雑誌『歴史群像』2011年6月号(No.107)読了
「雑誌『歴史群像』2011年6月号(No.107)」を読みました。
この号の特集は以下の通り。
第1特集「本能寺への道」
第2特集「激突!珊瑚海海戦」
第3特集「オデッサ包囲戦」
日本の戦国時代の記事が巻頭特集となるのは、1996年12月号(No.28)の「毛利元就軍団」以来18年ぶり。ちなみに1996年12月号は雑誌「歴史群像」が戦略・戦術・戦史マガジンに特化(1997年春夏号(No.30))する以前のことになります。
その「本能寺への道」では、従来守旧派の堅物の印象の強かった明智光秀が、実は幕臣から信長の家臣に転身してのちは信長の威を借りて畿内周辺の豪族や寺社の所領の「押領」を繰り返して私腹を肥やしていたという事実が紹介されています。これは比較的重要な事実だと感じましたが、光秀はこの不正の過程で朝廷、幕府と対立しており、後の本能寺の変の際に畿内の土豪や光秀の寄騎大名から支持を得られなかった要因となっていた可能性があるとのことです。「オデッサ包囲戦」は独ソ戦初期に実施された、ドイツ同盟国ルーマニア軍によるオデッサ攻略作戦の経緯が主題。私にとっては初めて知る内容であり、非常に興味深く読めました。かなりもたもたと攻略を進めるルーマニア軍を見ると、翻ってドイツ軍ってすごかったんだな、と思えます。
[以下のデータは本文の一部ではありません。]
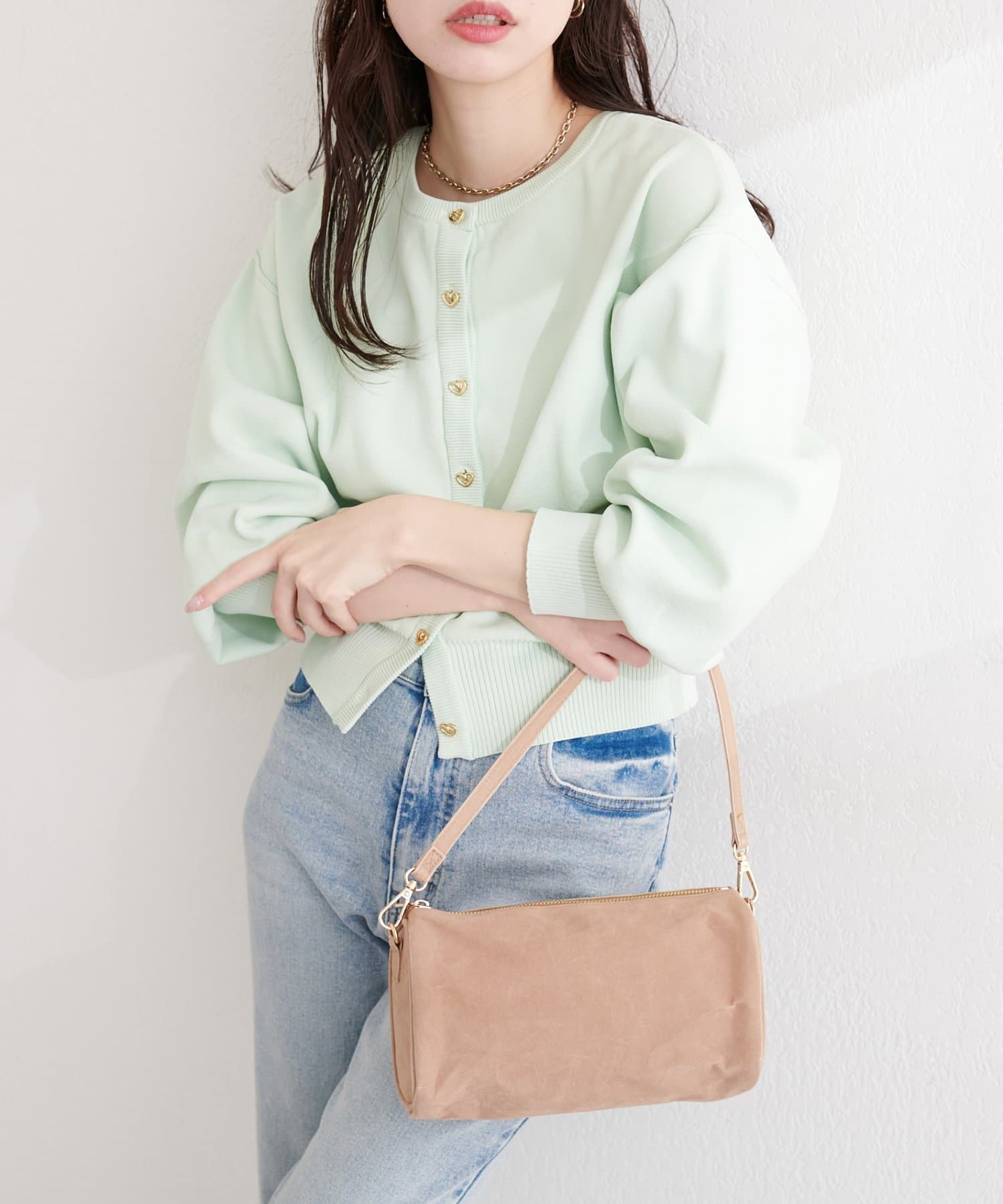 • natural couture(ナチュラルクチュール) お家で洗えるちびハート釦カーディガン

他には、「エジプト革命史」、「聖ヨハネ騎士団」といった記事が面白かったですね。特にエジプトは現在も混乱が続いており、また国際ニュースの主役に躍り出るような大きな変化が発生する可能性を秘めています。ぜひ良い方の変化でニュースになってもらいたいものですが、その時の予備知識として読んでおきたい記事です。